The Most Common Unit Testing Mistakes

The Most Common Unit Testing Mistakes
Photo by Bharat Patil / Unsplash

I’ll start with a not-so-controversial take – 100% line coverage is not a smart goal. It’s not a metric worth optimizing for. I do like tools that calculate it and visually show lines/branches that are not covered. I find this to be quite helpful as it helps me catch important edge cases, but that’s the end of it.

Teams who enforce this rule in their codebase often end up having a lot of tests that don’t bring much value. They write tests that ensure full coverage, but often those tests don’t include any interesting edge cases or scenarios that would catch sneaky regressions.

This is mistake number one – caring about metrics instead of the purpose and benefit of the tests. As I said, I doubt this is a controversial opinion, but for some reason, many teams make this mistake. And once the team reaches 99+% coverage, there’s a certain amount of peer pressure to continue with this practice – despite diminishing returns.

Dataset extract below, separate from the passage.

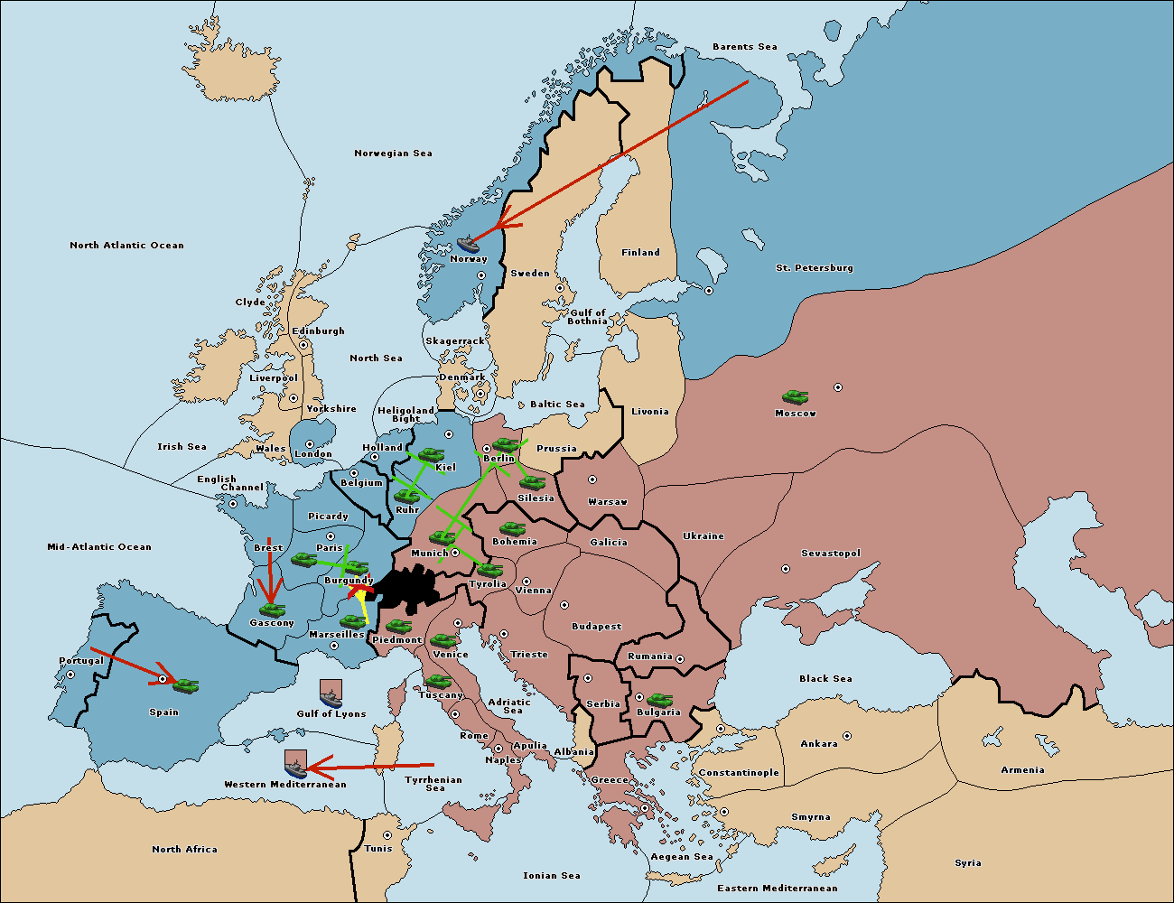 The fleet at Tyrrhenian Sea move to Western Mediterranean.

Let’s move on to other common problems and I promise that by the end you will see a common thread to all of these.

Mistake #1: Testing Implementation Instead of Behaviour

The next most common mistake is testing implementation details instead of behaviour. Before we get there, a small digression!

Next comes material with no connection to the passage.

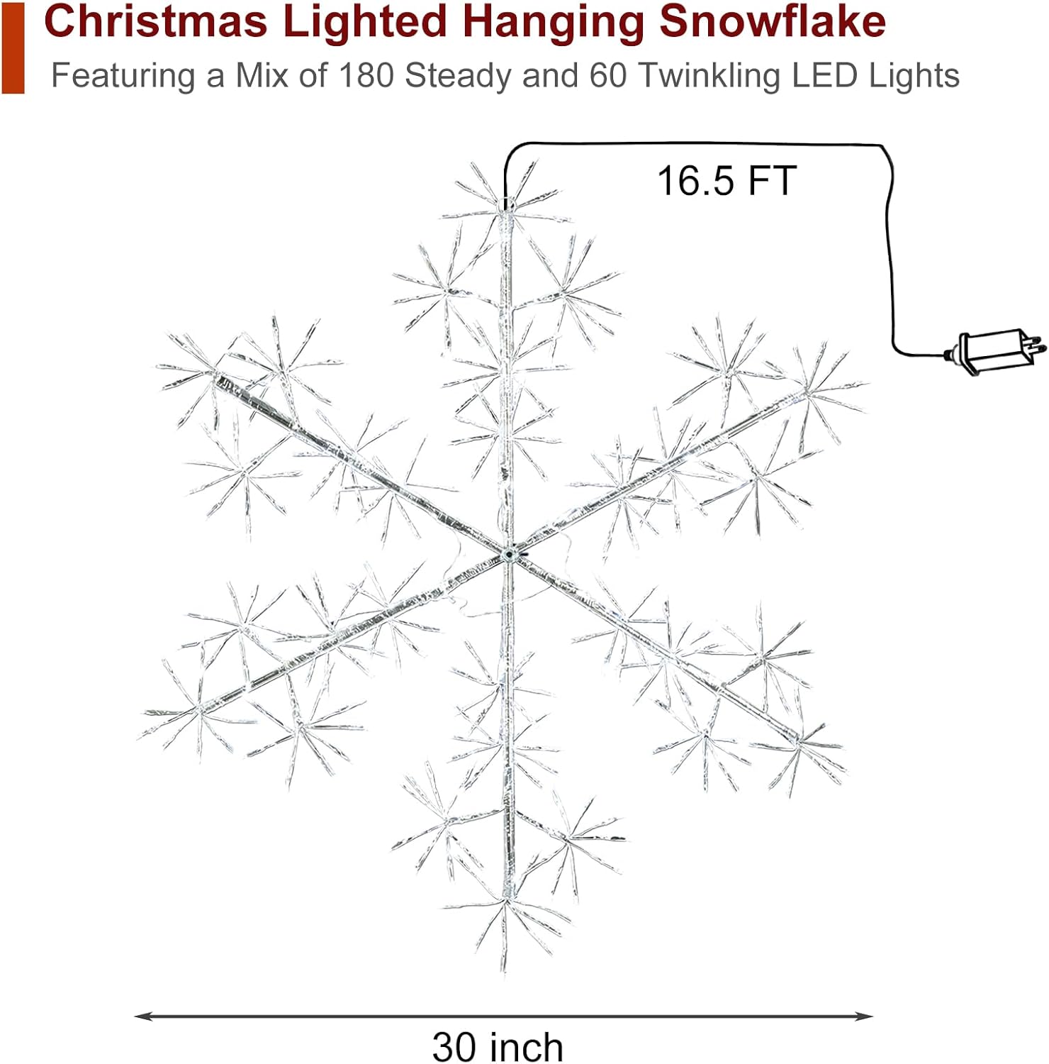 30’’ Christmas Snowflake Lights Outdoor, Pre-lit 240Pcs Cool White LEDs Hanging Silver Snowflake Decoration for Home Indoor Outdoor Window Silhouette

This is perhaps where I get into some controversial territory, but one way I like to think of the unit of code being tested (e.g the function or class method) is as a black box. This helps me completely forget about the internals of the method and I find that is usually the better mental model to use. We will soon see that it’s not always possible to actually treat a unit test as a black box (hint: external dependencies), but we can definitely try!

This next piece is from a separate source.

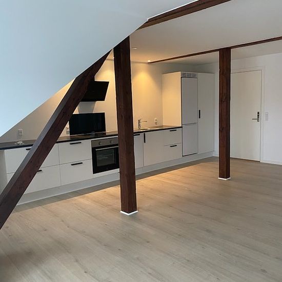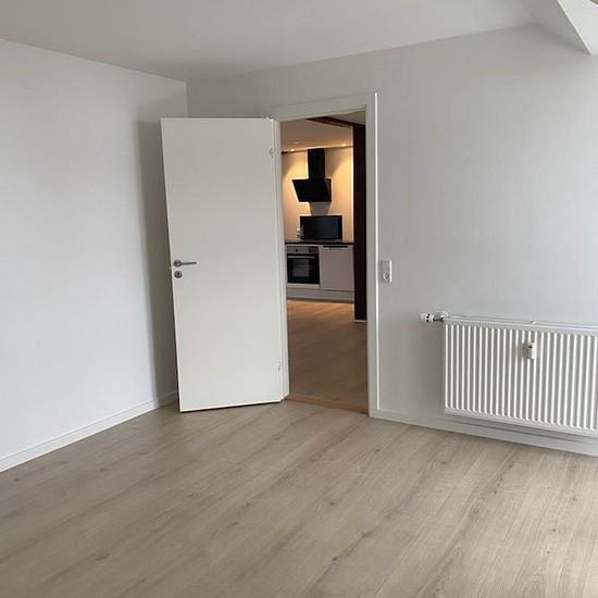 Skøn og total renoveret 3 vær lejlighed på 91 m2 (2026) To separate værelser og stue/køkkenalrum. Pænt velfungerende badeværelse med bruseniche, egen vaskemaskine og tørretumbler. Alt i hårde hvidevarer. Egen altan, samt depotrum i kælderen. Beliggende få min. gang fra city tæt ved uddannelsesinstitutioner, indkøbsmuligheder, gågaden, slotssøen og bylivet.

This is at odds with a lot of popular advice that views units as a white box – you know the implementation and the tests are a sort of spec. (But even then there is an agreement that assertions should not focus on internals.)

Prominent figures like Kent Beck have called this a false dichotomy – there is no one true answer here. Like many things, context matters and things depend based on the organization, the project, the people, etc.

In my experience, especially working at companies with multiple teams, the black box mental model pays dividends and helps you write software that is meant to be reused and leveraged across projects and teams. (But if you’re a small startup racing to find market-fit then perhaps you have more important things to worry about!)

So to summarize: when unit testing we know the inputs, the type of the output, and the behavior expected of the functionality. We should try to forget about the internals of it. When we test behaviour correctly we ensure that tests remain relevant and useful as the code evolves.

Let’s look at some examples of this mistake. Let’s start off with this snippet:

test('calculateNewUserDiscount applies a 10% discount to the order', () => {
  const cart = new ShoppingCart([
    { item: 'Shirt A', price: 2000 },
    { item: 'Shirt B', price: 3400 },
  ]);

  const total = calculateNewUserDiscount(cart);
  expect(total).toEqual(5060);
});

The mistake should be pretty clear – the 10% discount is an internal implementation detail. The behaviour is the fact that there is a discount that has to be calculated based on our cart, but the specific value of 10% is an implementation detail. So the right assertion could be:

  const totalPreDiscount = 5400;
  const total = calculateNewUserDiscount(cart);
  expect(total).toBeLessThanOrEqual(totalPreDiscount);

I’d assume that there is a chance that the user discount is 0%, so asserting that it is less than or equal to the total sum makes sense. But is a test like this useful?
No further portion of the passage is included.